Douglas Carter Beane spills the Broadway beans

By Mark Kennedy

Associated Press

Published: Friday, Dec. 2 2011 5:05 a.m. MST

In this Nov. 30, 2011 photo playwright Douglas Carter Beane poses for a portrait at the Walter Kerr Theatre in New York. These days are good ones for Beane: "Sister Act," one of the musicals he helped write has been playing for more than 250 performances, and he's about to watch his new offering "Lysistrata Jones". In the pipeline for next season is another play called "The Nance" with Nathan Lane.

Charles Sykes, Associated Press

NEW YORK — Douglas Carter Beane may have two musicals simultaneously playing on Broadway but that isn't enough.

"Neil Simon had four. Where are my other two? C'mon. I'm here to break records. I'm not here to do art," says the playwright, matter-of-factly. "I used to care about the process of creating art. Now it's all about the tally sheet at the end of the day."

Then he smiles slyly, unable to keep up the ruse.

To meet Beane is to laugh a lot — his dialogue is littered with a wonderful mix of witty, arch and sarcastic humor that recalls the lost era of Dorothy Parker and the Algonquin Round Table. He drops bon mots the way regular people drop crumbs.

"He has something witty to say about everything," says director and choreographer Dan Knechtges, who has worked with Beane twice. "He is always on. If you give him an inch he takes a mile with the joke."

These days are good ones for Beane. "Sister Act," one of the musicals he helped write, has been playing for more than 250 performances on Broadway, and he's about to watch his new offering "Lysistrata Jones" open a few blocks away. In the pipeline for the next Broadway season is a play — "The Nance" with Nathan Lane — and another, still hush-hush musical.

He both recognizes his good fortune and laughs at it. "I have very important phone messages that will be playing Broadway," he says, cracking up. "An evening of my tweets I think is going to be booked into the Golden Theatre."

At a Times Square restaurant for an interview, he orders green tea but isn't interested in food. The waiter wonders if he should take away the menu. "Leave it," Beane says. "You never know. I have violent mood swings."

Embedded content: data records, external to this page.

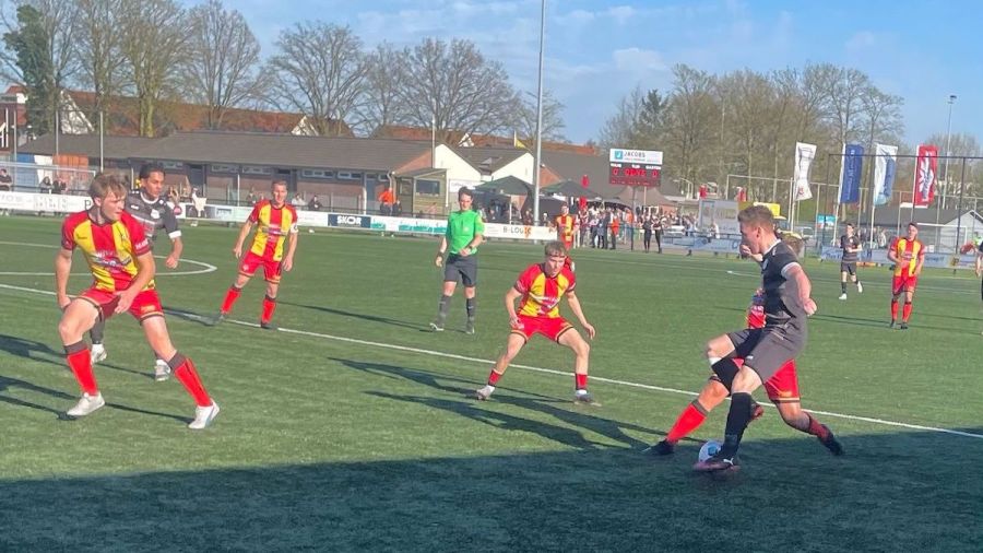AWC moet er even van bijkomen, maar pakt snel de draad weer op en na enkele mogelijkheden scoort Daan de Bruijn in de 25e minuut de aansluitingstreffer, de 2-1. Voor de pauze schiet AWC nog net voorlangs, en ziet daarna nog de bal via de binnenkant van de paal het veld weer inkomen en Juliana ziet de bal op de lat afketsen via onze keeper Tijn.
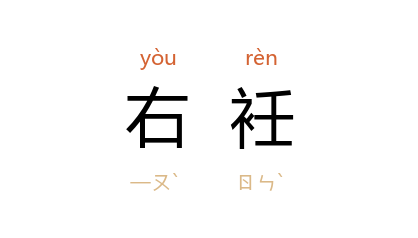 ⒈ 古代中原汉族服装衣襟向右,因以“右衽”谓中夏风习。
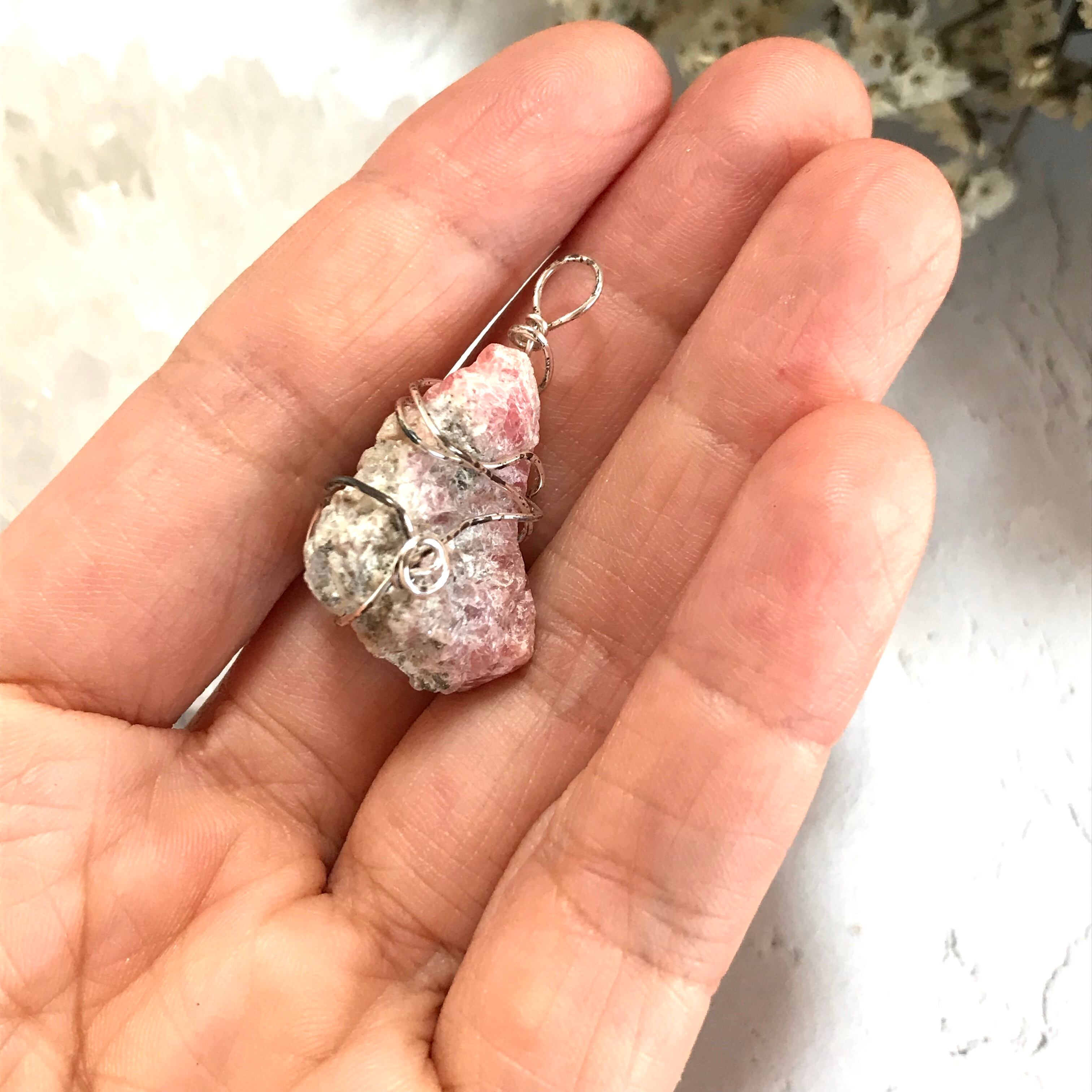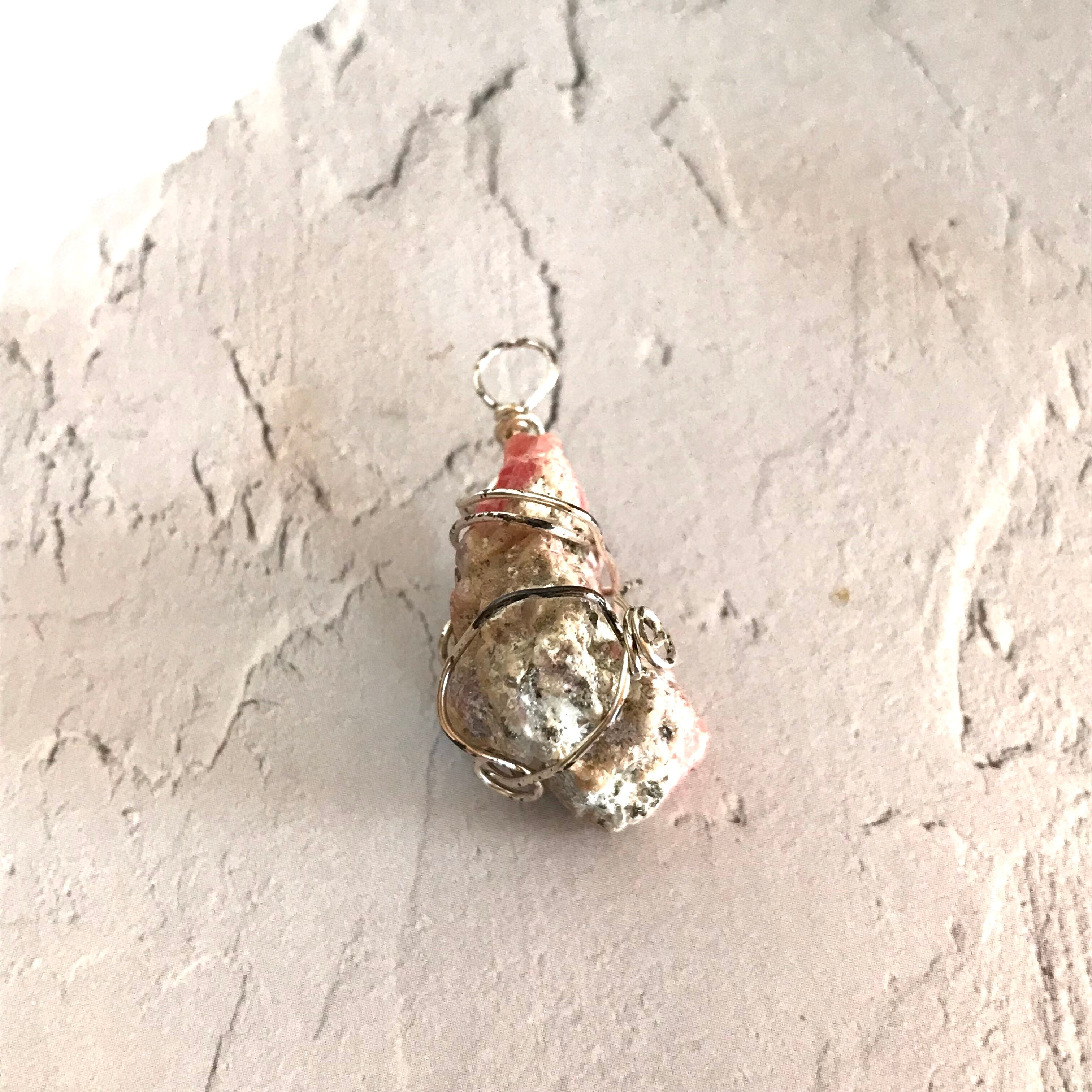 原石に近い状態のため、ピンク色の部分とグレーの石とが混在しています。

Beane, whose play "The Little Dog Laughed" earned a Tony nomination and who also wrote the cult movie "To Wong Foo, Thanks for Everything! Julie Newmar," has just come from the Walter Kerr Theatre, where he is still tinkering with his crafty updating of Aristophanes' play "Lysistrata." Beane has taken the 2,400-year-old comedy about Athenian women withholding sex until their men stop fighting and plopped it to present day Athens College, where the basketball team hasn't won in decades.

He wrote it with his real-life partner, composer and lyricist Lewis Flinn, who gave the 411 B.C. story a pulsing, extremely hummable and contemporary soundtrack. Beane's book is classically structured — in honor of the Greeks — but he updates a line every week.